Even if you’re extremely cautious and your kitten is an indoor pet, there’s a chance your cat might still get fleas. They cause your cat to itch and scratch, and get onto your clothes and into your house. Here are some tips on preventing, recognizing, and treating fleas.
The best way to deal with fleas is to prevent them from happening in the first place. Keep your grass mowed and bushes and plants trimmed and neat. Avoid contact with wildlife like raccoons, opossums, or feral cats that might be carrying fleas and other parasitic insects. Fix fences or sheds that might let them in or your pets out. Keeping your cat indoors will prevent them from coming into contact with other animals.
Keeping the inside of your house clean makes it less inviting to pests, including fleas. Flea eggs and larvae often live in carpets and rugs so vacuum them regularly and wash them at least every few months.

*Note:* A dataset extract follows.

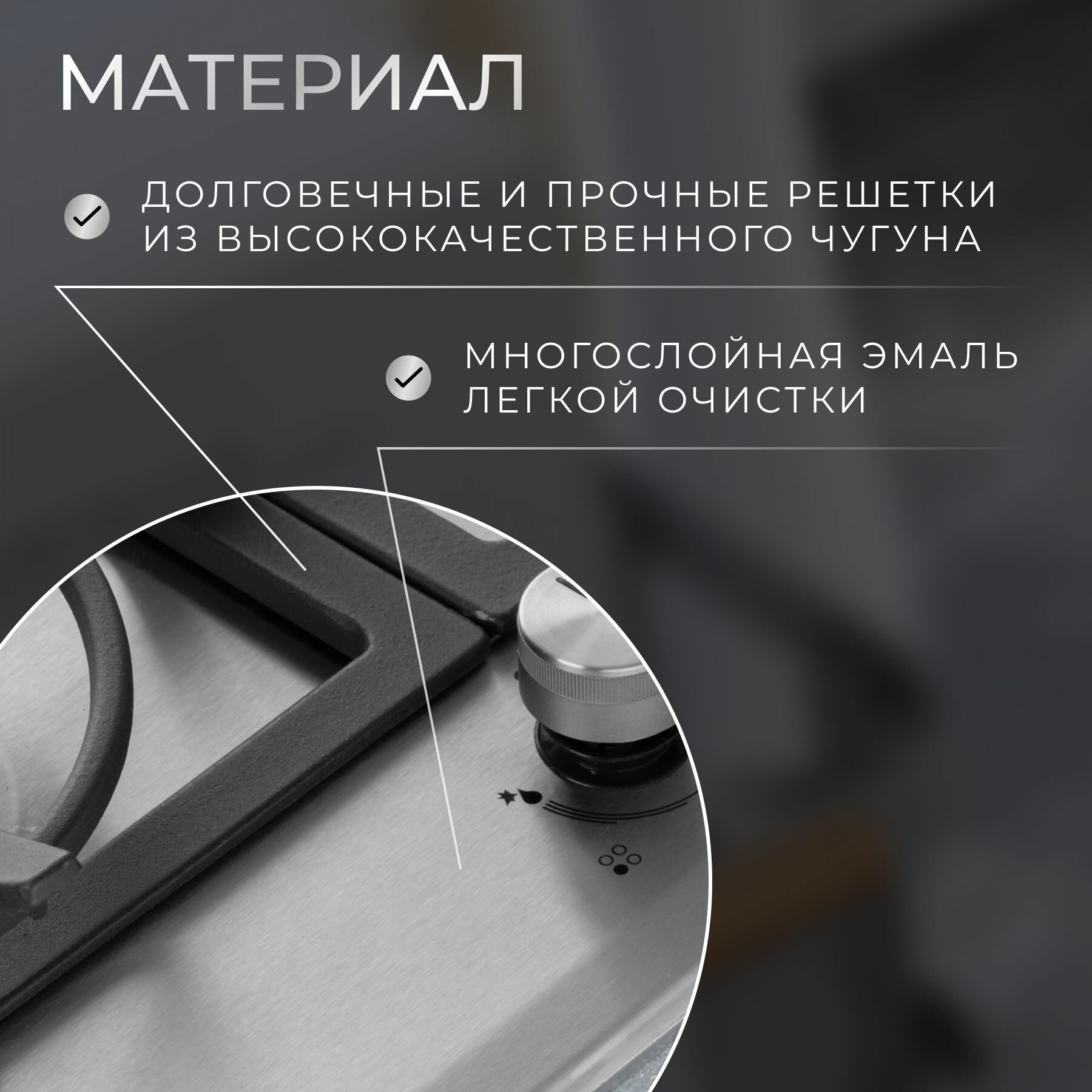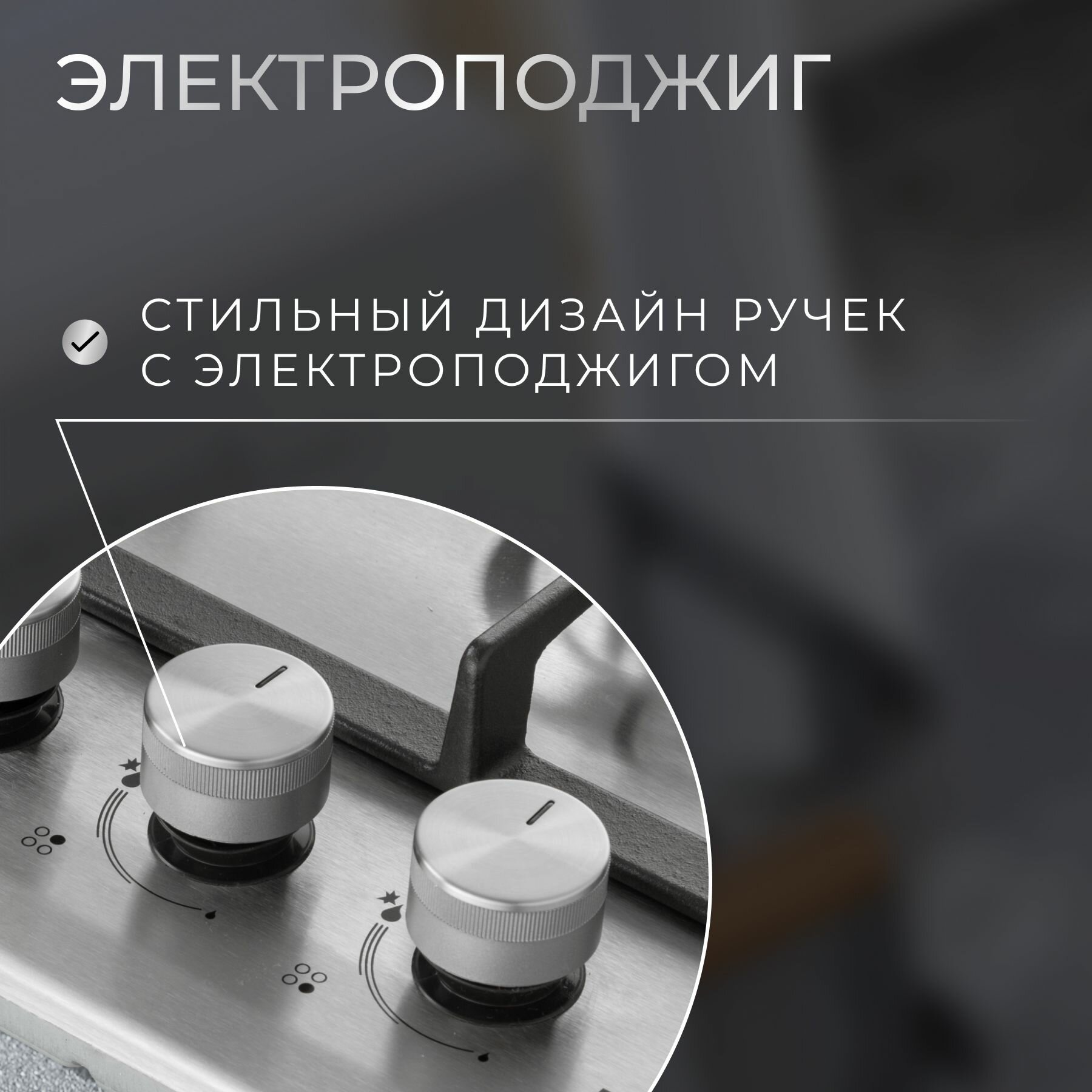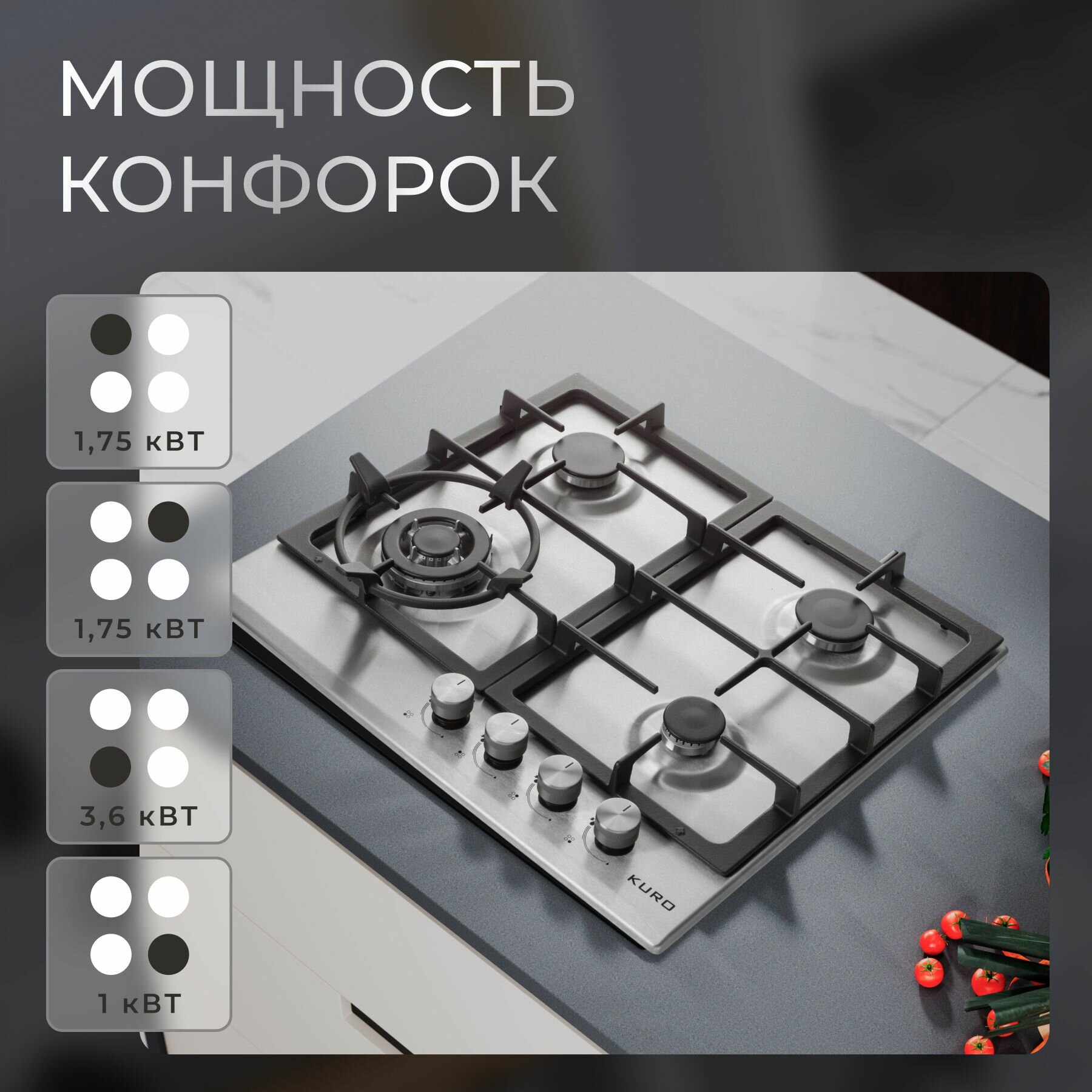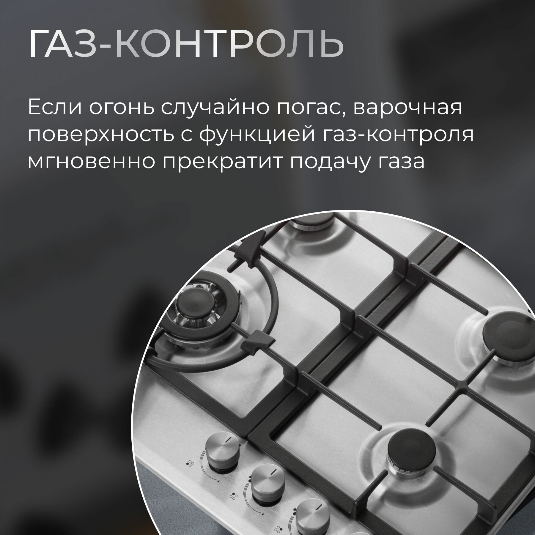Газовая встраиваемая варочная панель 60 см KURO KHG 641 IX, газ-контроль, электроподжиг, WOK-конфорка, чугунные решетки, серебристая интересное:

Flea control products, topical repellents, and oral medications can help prevent your pet from having a full-on infestation. Topical products kill off adult fleas and prevent eggs and larvae from growing. You need to be consistent with flea prevention treatment. Just one missed dose could mean a massive flea problem. Bathe and comb your pet regularly to remove any bugs that may have found their way into your furry friend’s fur.
Fleas thrive in warmer weather, so pay extra close attention and take extra precautions in the spring and summer.
Despite your best efforts, your pet may still be exposed to fleas. Since your cat can’t tell you that he’s experiencing a problem, it’s up to you to pay attention and recognize the signs that he has fleas. The first and most obvious sign is excessive itching and scratching. This goes beyond normal pet itches. It’s a more obsessive scratching, licking, and chewing. Your cat may have a very sudden urge to scratch one particular spot where he’s getting bitten.
In cats, head shaking and itching their ears could be a sign that they have fleas on their heads. They may also groom themselves more than usual in order to get rid of the insects.
You’ll have to physically check your cat’s coat to ensure that he really does have fleas. This is much easier if your cat is a lighter color. Fleas are black or brown, tiny, and move very fast, so it can be tough to see them with the naked human eye. Armpits, belly, and the groin are common places for fleas to live, so check for redness or skin lesions there. Running a special flea comb across your cat’s fur makes it easier to find insects that might be hiding.
If you find that your cat does have fleas, there are a number of steps you’ll have to take to get rid of them. Wash your cat with a flea shampoo to kill adult insects living in his fur. After doing this, you’ll still need to remove eggs and larvae. Certain oral medications prevent flea eggs from hatching and stop larvae from growing up, so they eventually die and cannot lay more eggs. You may need some extra help from a vet if the infestation is particularly bad.
You’ll also need to keep your home sparkling clean to make sure that there aren’t any leftover eggs hiding. Wash all linens and towels, and run recently worn clothes through the washer and dryer for good measure. Clean fabric, furniture, and vacuum, wash and treat any carpets and throw rugs. Be sure to get the hard to reach places that might be a haven for bugs.